# How long after abscess before limping subsides



## Brittgirl12 (Jul 16, 2014)

I got a 12 year old mare recently from a lady in North Carolina. We had a pre purchase exam done due to a lameness issue and the vet said it looked like an abscess and to treat accordingly. 

When the mare arrived to our farm and we inspected the hoof it seems like an older abscess. There is a pronounced but shallow hole in the top of the hoof but it's dry and isn't draining. The sole looks fine. 

The lameness started about three or four days prior to our inspection. I've never had an abscess heal that fast and I'm starting to wonder if something else is going on as well. If it truly was an abscess and it already ruptured and is healing how long before the lameness subsides?


----------



## Irish Pixie (May 14, 2002)

Brittgirl12 said:


> I got a 12 year old mare recently from a lady in North Carolina. We had a pre purchase exam done due to a lameness issue and the vet said it looked like an abscess and to treat accordingly.
> 
> When the mare arrived to our farm and we inspected the hoof it seems like an older abscess. There is a pronounced but shallow hole in the top of the hoof but it's dry and isn't draining. The sole looks fine.
> 
> The lameness started about three or four days prior to our inspection. I've never had an abscess heal that fast and I'm starting to wonder if something else is going on as well. If it truly was an abscess and it already ruptured and is healing how long before the lameness subsides?


Usually, the pain is lessened nearly immediately after the abscess has ruptured.

Perhaps she has another abscess? Where did the pre purchase Vet think the abscess was?


----------



## aoconnor1 (Jun 19, 2014)

Rather than trying to guess it out, I would get some radiographs done to determine the root cause of the pain, and if the cause of the abcess is an unresolved issue that needs to be dealt with.

Good luck!


----------



## malinda (May 12, 2002)

Yes, usually once the abscess bursts or is opened up, the horse is immediately better and sound within a day or two. If the horse is still lame after a couple days, I'd suspect either the abscess didn't completely drain, or you have something else going on.

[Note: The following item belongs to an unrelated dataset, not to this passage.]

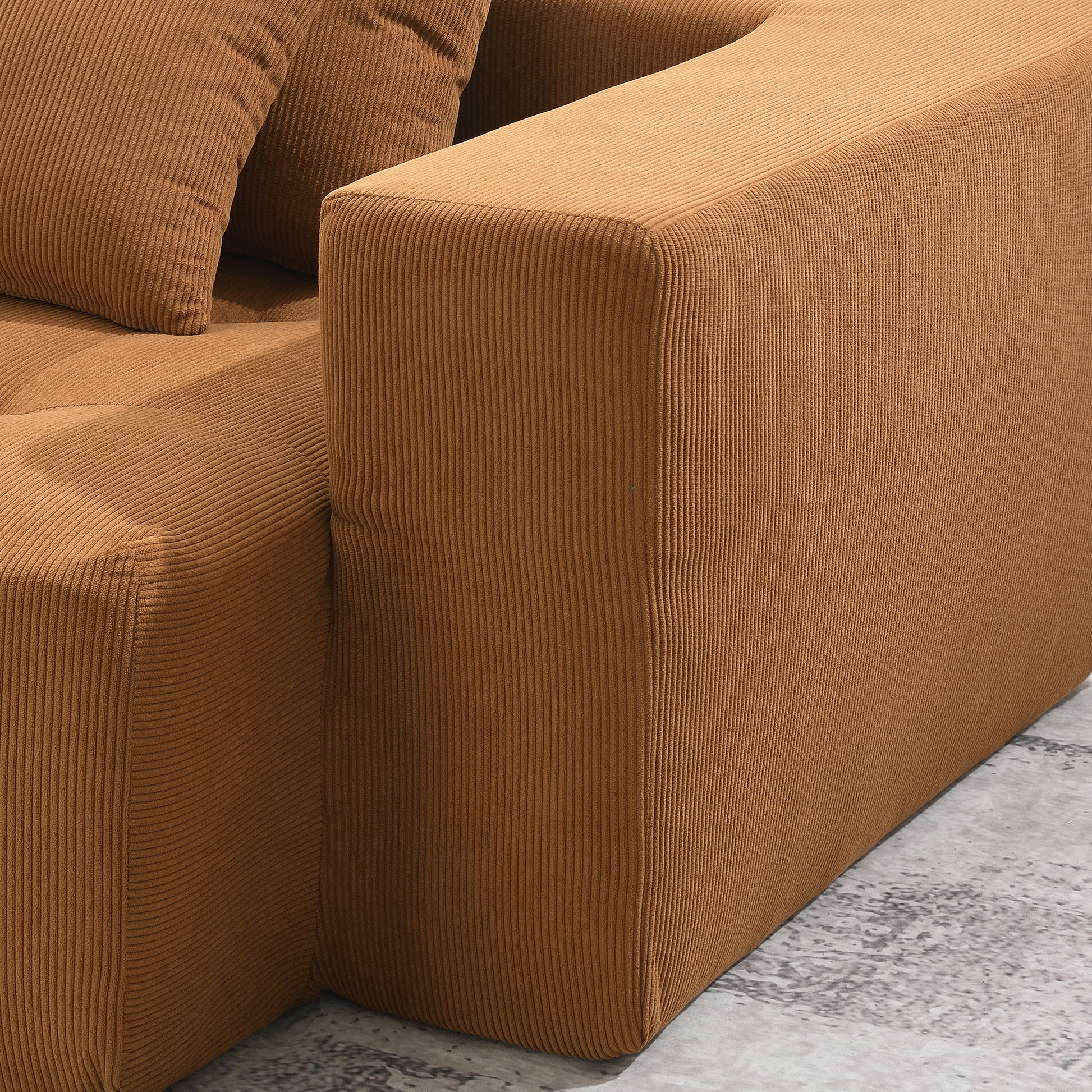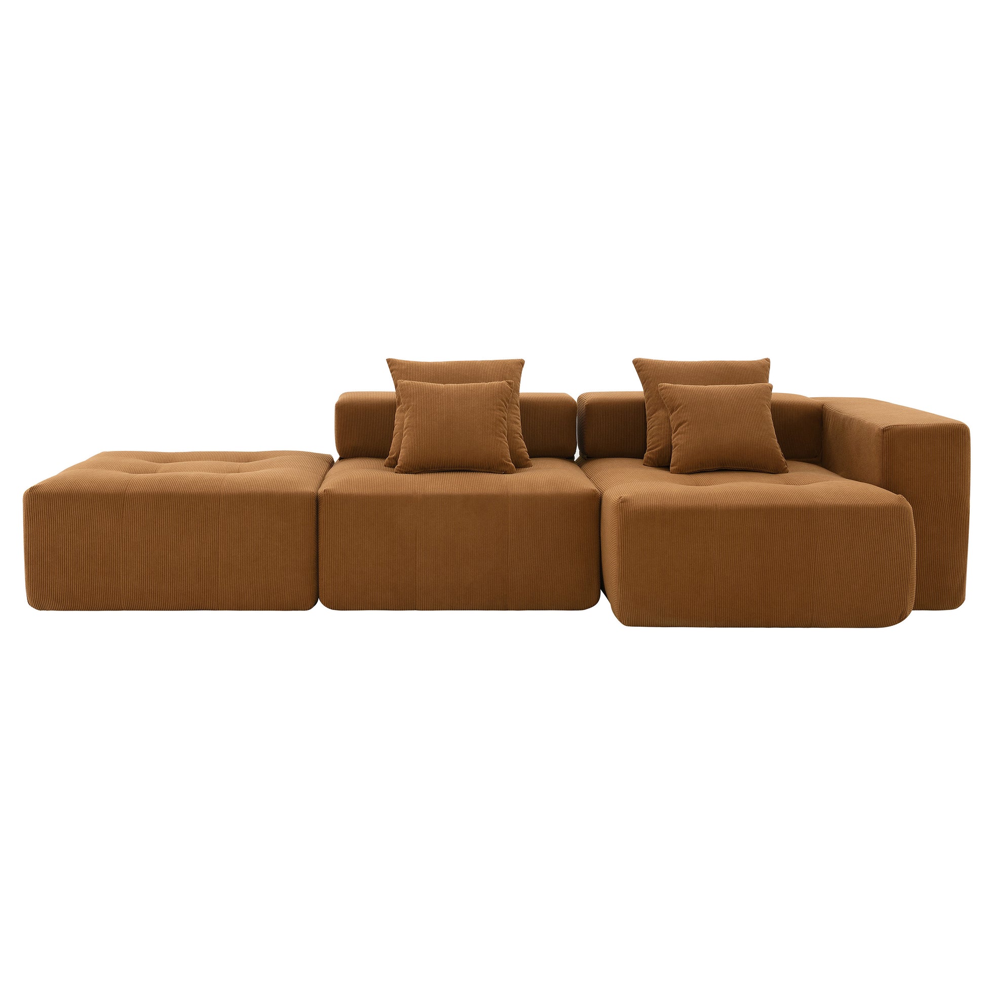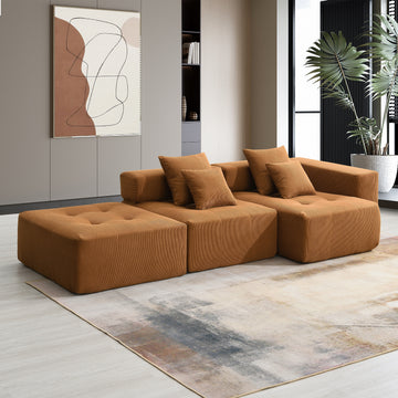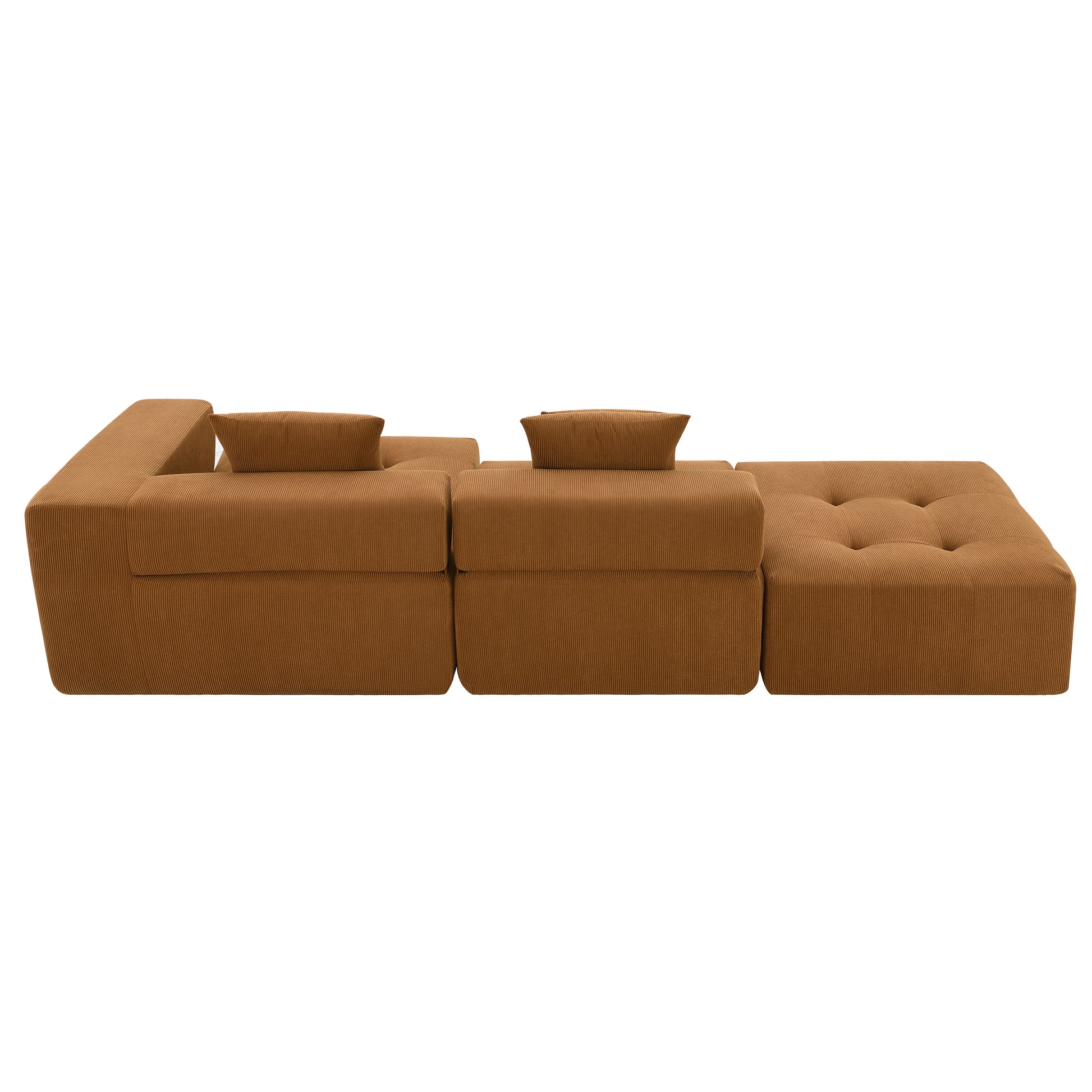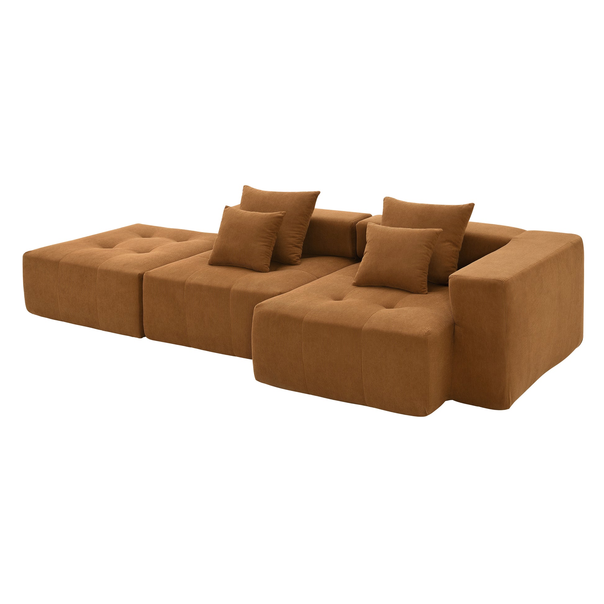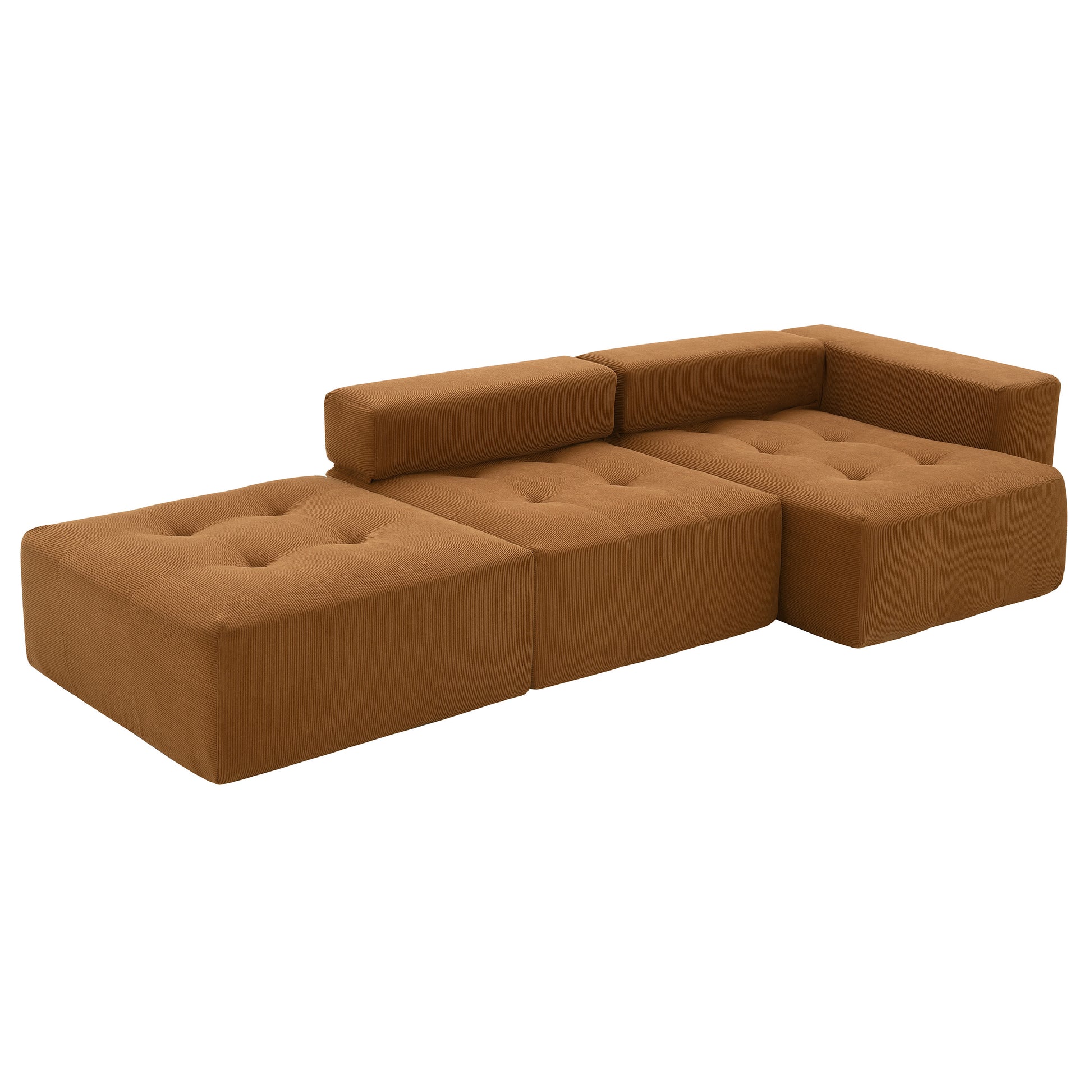 105.5'' L Shaped Modular Sectional Sofa,Minimalist Corduroy Floor Couch Set,Convertible Foam Filled Cloud Couch For Living Room,3 Pc Free Combination,No Assembly Required,3 Colors Brown Corduroy 4 Seat

I swear, we've had about 6 abscesses in the past month here. It's annoying, but I'm glad it isn't something worse.


----------



## wr (Aug 10, 2003)

Is she showing any improvement?


----------



## Brittgirl12 (Jul 16, 2014)

The limping will decrease and almost be unnoticeable, but then, like yesterday, she'll go run and play (even in our tiny paddock) and then the pain will be back the next day. She's a pacer. She just won't rest it for any given time.


----------



## offthegrid (Aug 11, 2009)

Unfortunately that doesn't sound like an abscess....but more like a chronic condition or injury. I'd probably get xrays sooner than later....


----------



## badlander (Jun 7, 2009)

I had a mare with an abscess to the frog of one hoof. When the vet drained it she let loose a huge sigh of relief. Her improvement was immediate and the lameness was gone within 24 hours.

I'm in agreement about something else going on.


----------



## where I want to (Oct 28, 2008)

Sometimes, and I have no idea if that applies to your horse at all, what looks like an abscess is really an infection due to a piece of bone having broken off and died. Sometimes there can be a piece of debris doing the same thing. 
The only way to know is to get an xray if it keeps bothering her.


----------



## Irish Pixie (May 14, 2002)

What does the report on the pre purchase exam say?


----------



## wr (Aug 10, 2003)

Beyond the abscess, have you checked for thrush? They can get pretty gimpy from it and it isn't always as obvious as you may think.


----------



## haypoint (Oct 4, 2006)

When a horse gets a stone or nail or whatever between the hoof and sole, it can work it's way up and abscess at the coronet, at the top of the hoof at the hairline. That eruption will leave a damaged area in the hoof, perhaps a hole. But the path the object took, under the hoof still exists. That can heal up nicely or be an ongoing source of infection. Sometimes, the coronet can be damaged and the hoof will have a forever crack running down from that injury.
Can you use a hoof knife to look at the inner area of the hoof, where it joins the sole? Is there a separation? Packed with manure? The longer an infection persists, the more damage that will be done. 
Even when an injury is healed, some horses limp more out of habit than any pain.
Buyers of costly horses don't have these headaches. Their equine Vet studied the x-rays and watched the horse move through 6 different gaits. Most of the rest of us just rely on cuteness.


----------



## where I want to (Oct 28, 2008)

haypoint said:


> Buyers of costly horses don't have these headaches. Their equine Vet studied the x-rays and watched the horse move through 6 different gaits. Most of the rest of us just rely on cuteness.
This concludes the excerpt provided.